_PROBLEM TO WORK ON_: Only the lines from the start of the entries through the line with "Kepala Unit Pelaksana" should be returned, each exactly as it stands, and no pictures.

_Data extracted from a collection_:
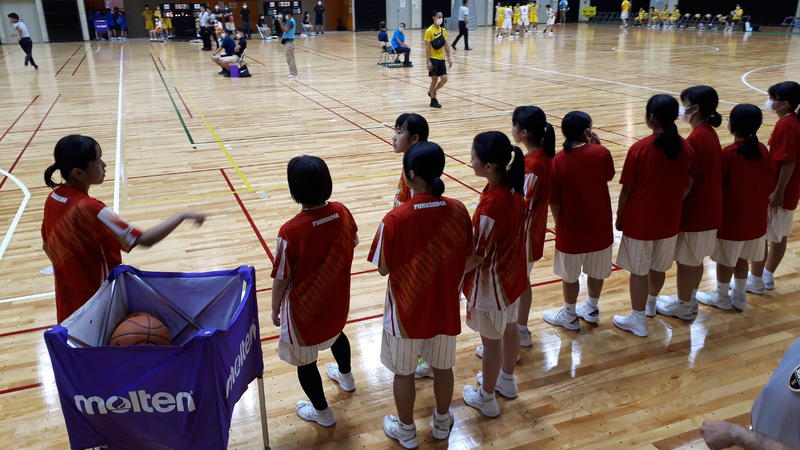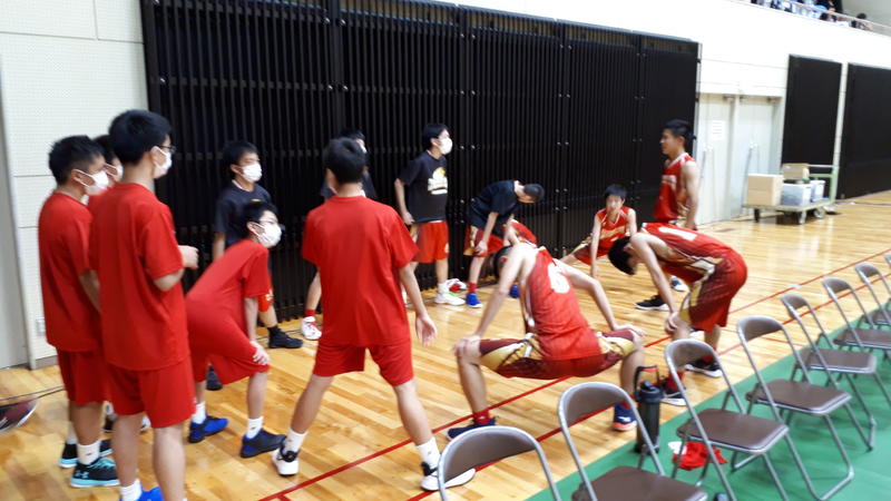 試合に先立つコート練習です。3年生の手際よい指示が飛びます。
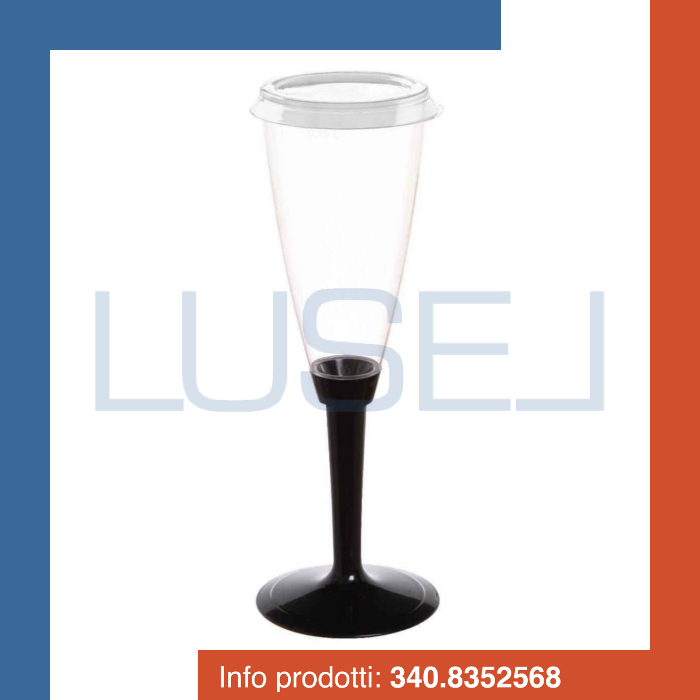 - Flute in plastica base nera + coppa trasparente + coperchio per champagne
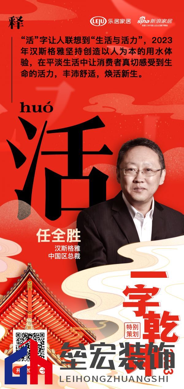 點(diǎn)擊查看活動專題 ??在“2023 一字乾坤”活動中,漢斯格雅中國區(qū)總裁 任全勝用「活」字表達(dá)了2023年的規(guī)劃策略及目標(biāo):“活”字讓人聯(lián)想到“生活與活力”,2023年漢斯格雅堅(jiān)持創(chuàng)造以人為本的用水體驗(yàn),在平淡生活中讓消費(fèi)者真切感受到生命的活力,豐沛舒適,煥活新生。 ??“以漢字賦能中國家居企業(yè),彰顯厚積薄發(fā)之力”,近百位家居人以單字抒寫了各家企業(yè)及媒體的新年愿景與發(fā)展信條,共同攜手開啟2023年家居行業(yè)嶄新篇章! ??*注:如有家電領(lǐng)域相關(guān)新聞資訊、好物推薦等信息可發(fā)給我們,同時歡迎各大媒介和家電品牌方關(guān)注微信公眾號“家居情報站”(微信號:home_news),聯(lián)系我們~ |
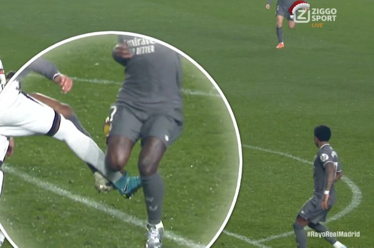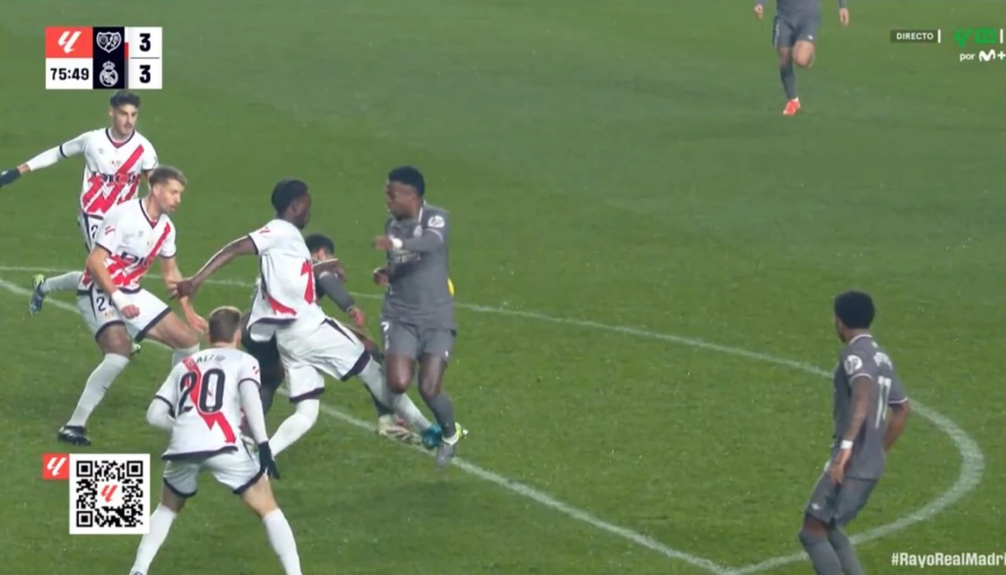 Бразилец оказался на газоне в штрафной площади «Райо» в момент атаки мадридцев на 76-й минуте матча 17-го тура Ла Лиги (3:3). На повторе виден контакт игрока хозяев с ногой Винисиуса.
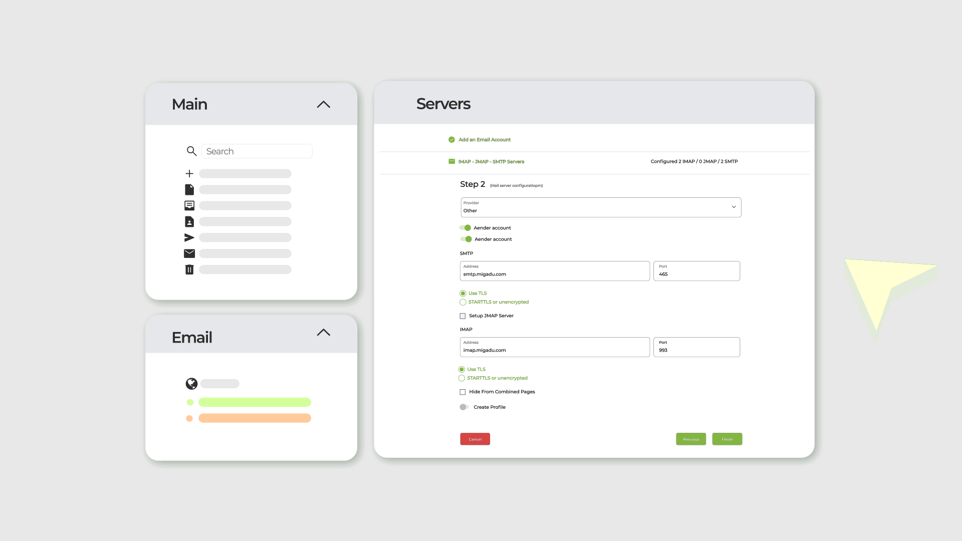 Flexible profiles to combine IMAP accounts with SMTP accounts and setup signatures and reply-to details.
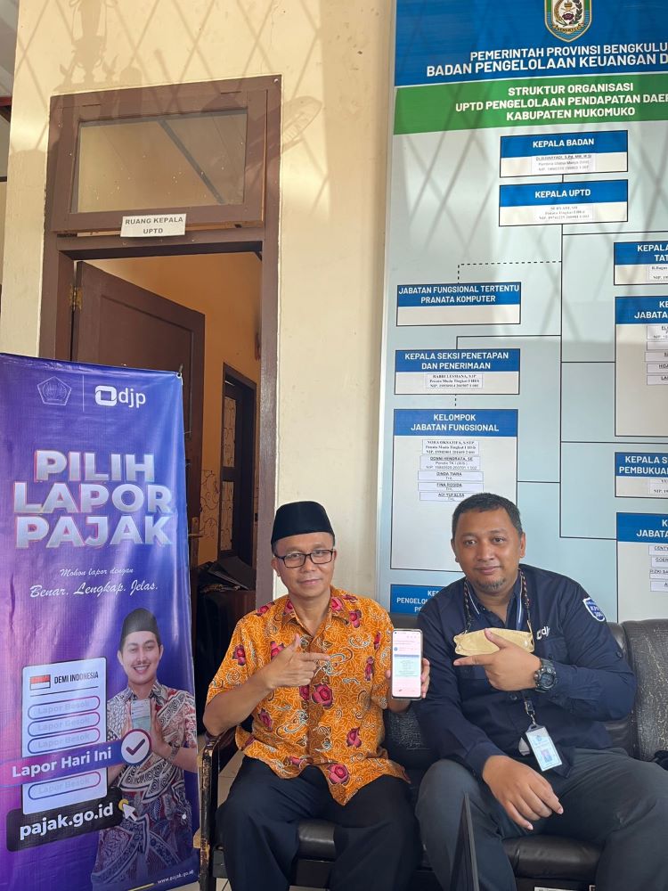 Kepala Unit Pelaksana Teknis Daerah (UPTD) Pengelolaan Pendapatan Daerah Kabupaten Mukomuko, Suryadi, adalah salah satu wajib pajak yang diberikan asistensi pelaporan SPT tahunan orang pribadi. Pada kesempatan tersebut Suryadi merasakan kemudahan melakukan pelaporan SPT Tahunan orang pribadi secara online. “Terima kasih buat teman-teman dari KP2KP Mukomuko yang telah memberikan asistensi pelaporan SPT di Kantor Samsat Mukomuko. Pelaporannya cukup mudah dan cepat,” ujar Suryadi pada saat dimintakan testimoni.
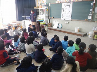 松尾小学校の近くにある,つみき保育園,葉室幼稚園,松尾幼稚園の年長さんを招いて,明日9日に交流会を行います。来てくれる園児に,1年生が地域の方に教えてもらった昔の遊びを教えます。今日は,案内する順番を確かめたり,役割を確認したりしました。
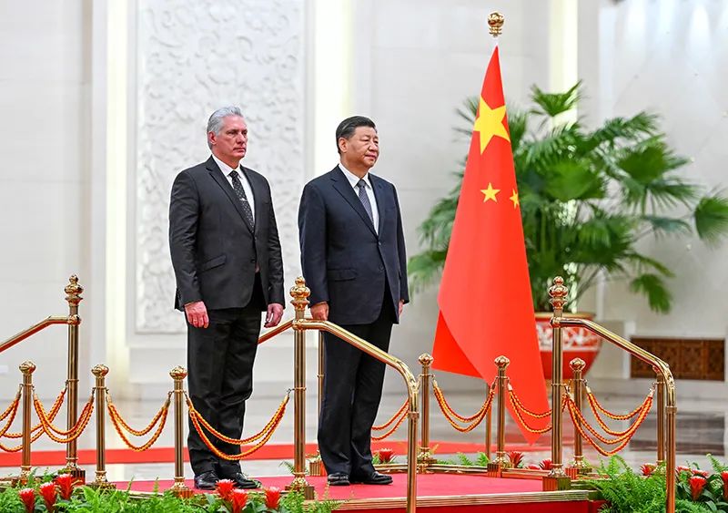 习近平指出,你是中共二十大后首位访华的拉美和加勒比国家元首,充分体现了中古两党两国的特殊友好关系。古巴是西半球第一个同新中国建立外交关系的国家,中古关系成为社会主义国家团结合作、发展中国家真诚互助的典范。中方愿同古方不断深化政治互信,拓展务实合作,在涉及彼此核心利益问题上坚定相互支持,在国际和地区事务中加强协调配合,在建设本国特色社会主义道路上携手并进,不断深化新时代中古关系。
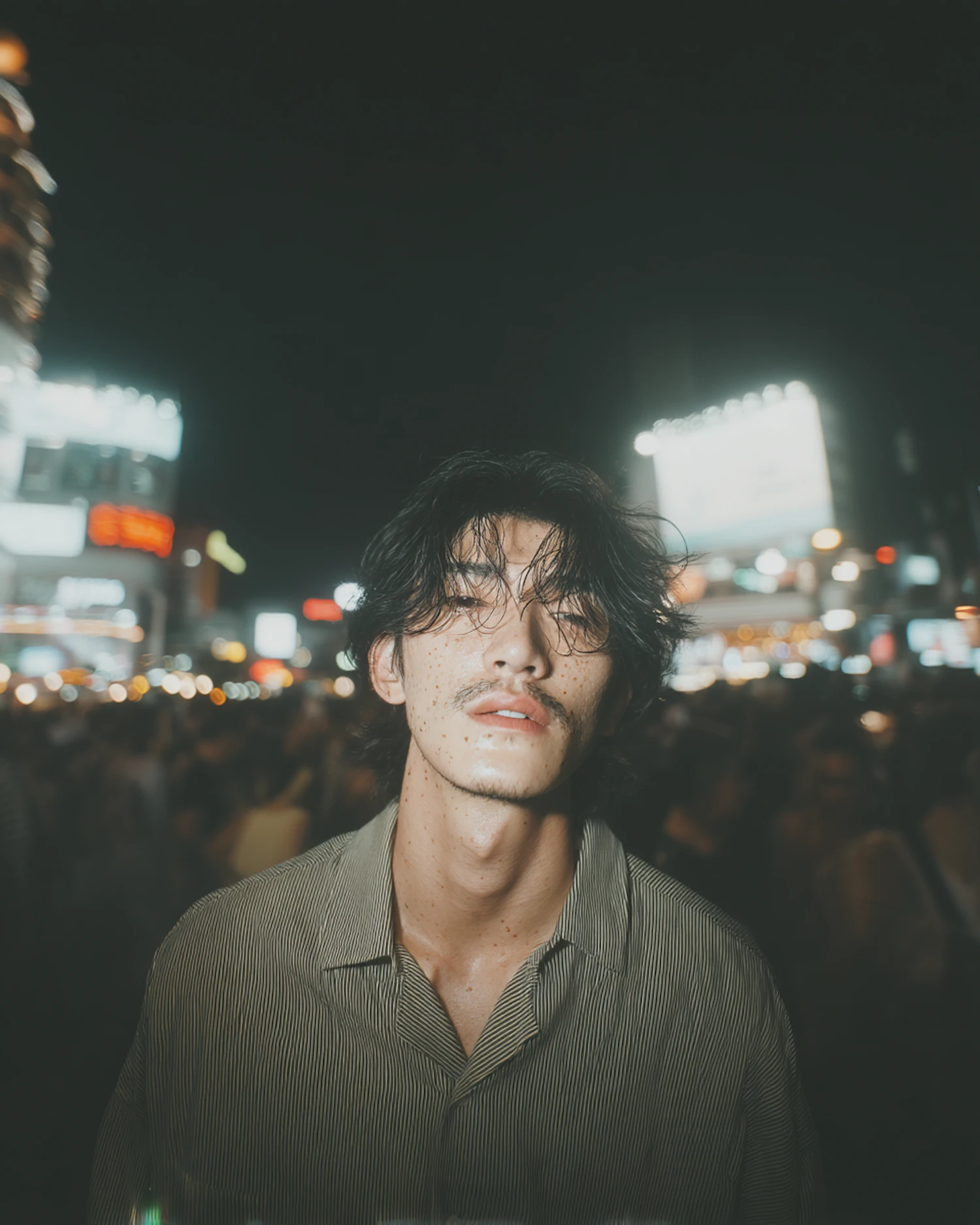 A young man in a striped shirt stands in a vibrant city at night, with blurred lights and a bustling crowd in the background.
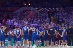 比赛结束后,冰岛的球迷们并未离开现场,而是与冰岛男篮的球员们一同留在场边,一起高唱国歌。
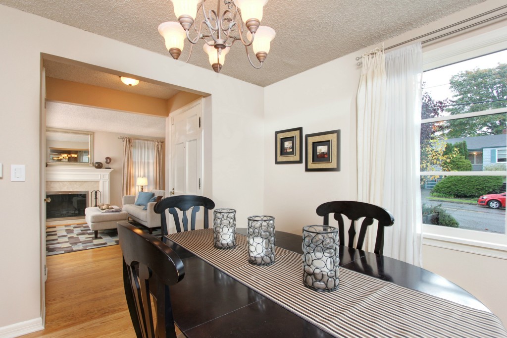 Nicely updated home in the heart of Bryant. 4 Bdrms, 2.25 baths, elegant living rm w/classic frpl, formal dining, updated granite & SS kitchen, hardwoods throughout. Totally new upper level w/vaulted ceilings, large master, new tiled ¾ bath & sweet bdrm. Swanky home theater/media room, gas frpl & full wet bar down. Many upgrades: networked home, new windows, newer roof, new electrical & plumbing. Wonderful location! PCC, parks, U-Village, Children’s Hosp & UW. Commute by car, bus or bike!
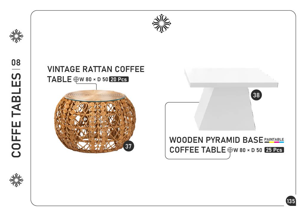 37) Vintage Rattan Coffee Table — W80 × D50 cm — 20 pcs 38) Wooden Pyramid Base Coffee Table — W80 × D50 cm — 25 pcs (Paintable)
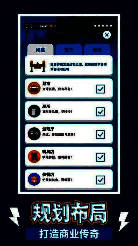 1.玩家可以建造各种建筑,如各种商店、休息区等,为乘客服务。
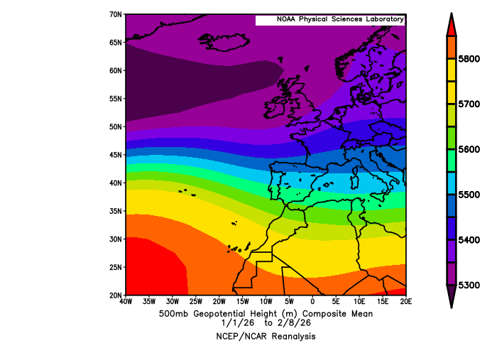 Indeed, if we look at the anomaly in the strength of the zonal (west to east) wind across the region since the start of January, we see much stronger than normal westerly winds from the Azores into the Iberian Peninsula. The primary result of this persistent weather pattern has been a parade of strong storm systems into western Europe.
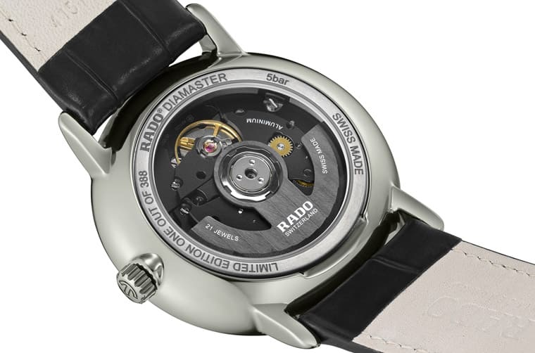 DiaMaster Thinline鉆霸系列金屬陶瓷超薄自動限量表搭載的R766機芯在透明底蓋下可以看得清楚,機芯背面的零件多數都鍍成黑色,而自動盤也刻意做成船錨造型,并加上日內瓦波紋修飾,在小地方展現進階的制表工藝讓人有驚喜感,這枚機芯的動力儲存達72小時,日常佩戴綽綽有余。
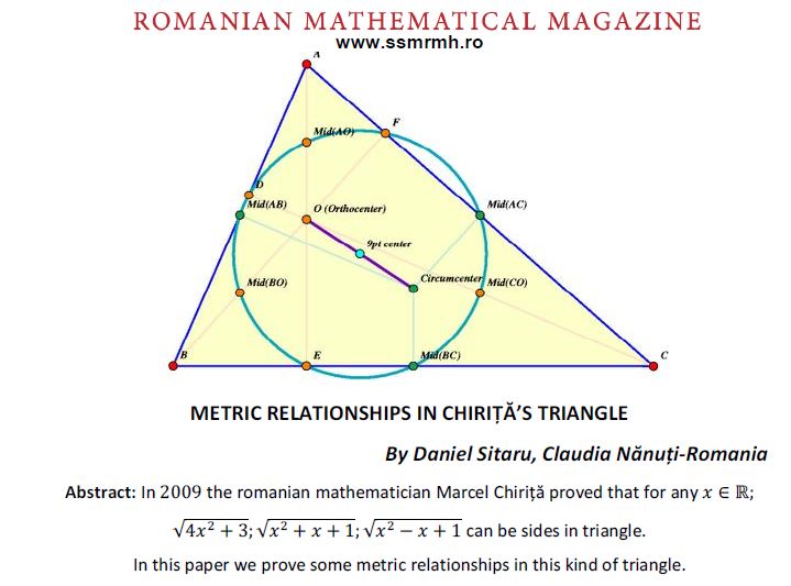 METRIC RELATIONSHIPS IN CHIRITA’S TRIANGLE Posted on November 6, 2019 by ssmrmh Article by Daniel Sitaru, Claudia Nanuti-Romania METRIC RELATIONSHIPS IN CHIRITA’S TRIANGLE
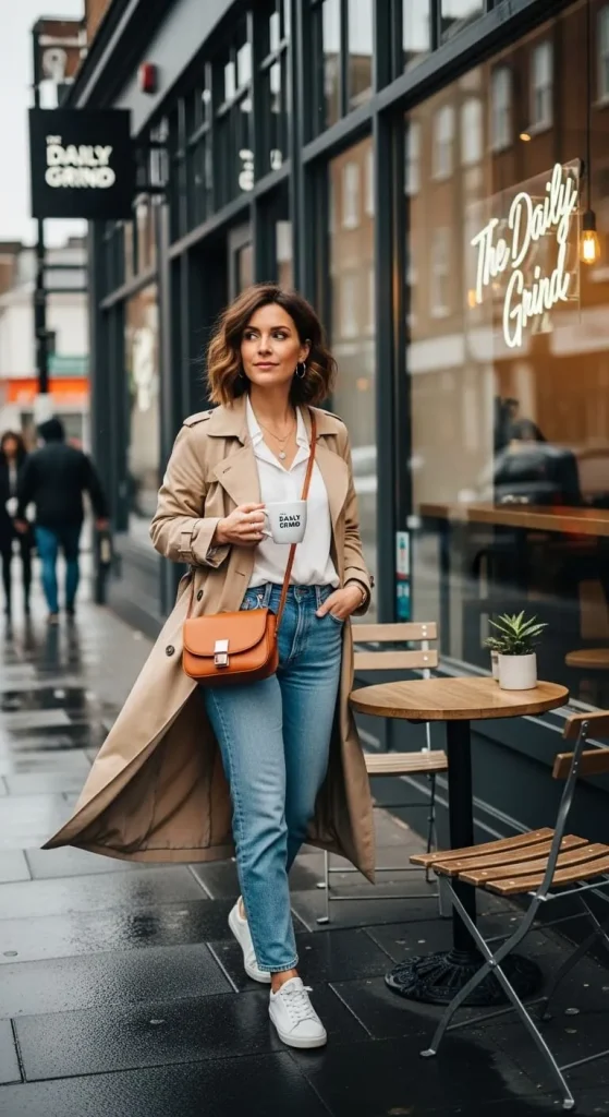 - Finish with a structured outer layer (coat, trench, or blazer).
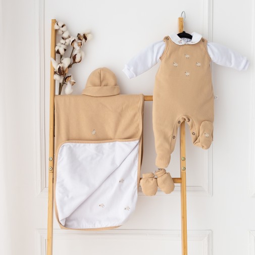 Saída Maternidade feita com 5 peças: Jardineira + Body Gola Bordada + Manta Dupla + Touca + Luva
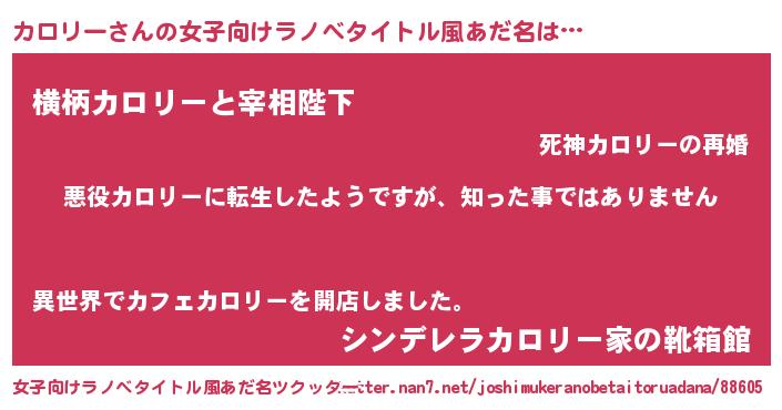 カロリーさんの女子向けラノベタイトル風あだ名は… 『悪役カロリーに転生したようですが、知った事ではありません』『横柄カロリーと宰相陛下』『シンデレラカロリー家の靴箱館』 ツクッター #女子向けラノベタイトル風あだ名ツクッター http://tkutter.nan7.net/joshimukeranobetaitoruadana/88605/
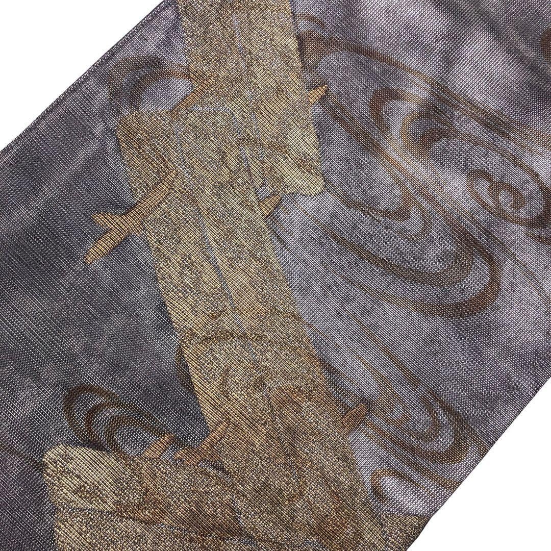 夏帯 袋帯 紗 流水模様 紫鼠色 金糸 O-5402 着物 きもの kimono 和服 和装 中古 リサイクル着物 【送料無料】

_THE ANSWER_:
 試合に先立つコート練習です。3年生の手際よい指示が飛びます。
 - Flute in plastica base nera + coppa trasparente + coperchio per champagne
 點(diǎn)擊查看活動專題 ??在“2023 一字乾坤”活動中,漢斯格雅中國區(qū)總裁 任全勝用「活」字表達(dá)了2023年的規(guī)劃策略及目標(biāo):“活”字讓人聯(lián)想到“生活與活力”,2023年漢斯格雅堅(jiān)持創(chuàng)造以人為本的用水體驗(yàn),在平淡生活中讓消費(fèi)者真切感受到生命的活力,豐沛舒適,煥活新生。 ??“以漢字賦能中國家居企業(yè),彰顯厚積薄發(fā)之力”,近百位家居人以單字抒寫了各家企業(yè)及媒體的新年愿景與發(fā)展信條,共同攜手開啟2023年家居行業(yè)嶄新篇章! ??*注:如有家電領(lǐng)域相關(guān)新聞資訊、好物推薦等信息可發(fā)給我們,同時歡迎各大媒介和家電品牌方關(guān)注微信公眾號“家居情報站”(微信號:home_news),聯(lián)系我們~ |
 Бразилец оказался на газоне в штрафной площади «Райо» в момент атаки мадридцев на 76-й минуте матча 17-го тура Ла Лиги (3:3). На повторе виден контакт игрока хозяев с ногой Винисиуса.
 Flexible profiles to combine IMAP accounts with SMTP accounts and setup signatures and reply-to details.
 Kepala Unit Pelaksana Teknis Daerah (UPTD) Pengelolaan Pendapatan Daerah Kabupaten Mukomuko, Suryadi, adalah salah satu wajib pajak yang diberikan asistensi pelaporan SPT tahunan orang pribadi. Pada kesempatan tersebut Suryadi merasakan kemudahan melakukan pelaporan SPT Tahunan orang pribadi secara online. “Terima kasih buat teman-teman dari KP2KP Mukomuko yang telah memberikan asistensi pelaporan SPT di Kantor Samsat Mukomuko. Pelaporannya cukup mudah dan cepat,” ujar Suryadi pada saat dimintakan testimoni.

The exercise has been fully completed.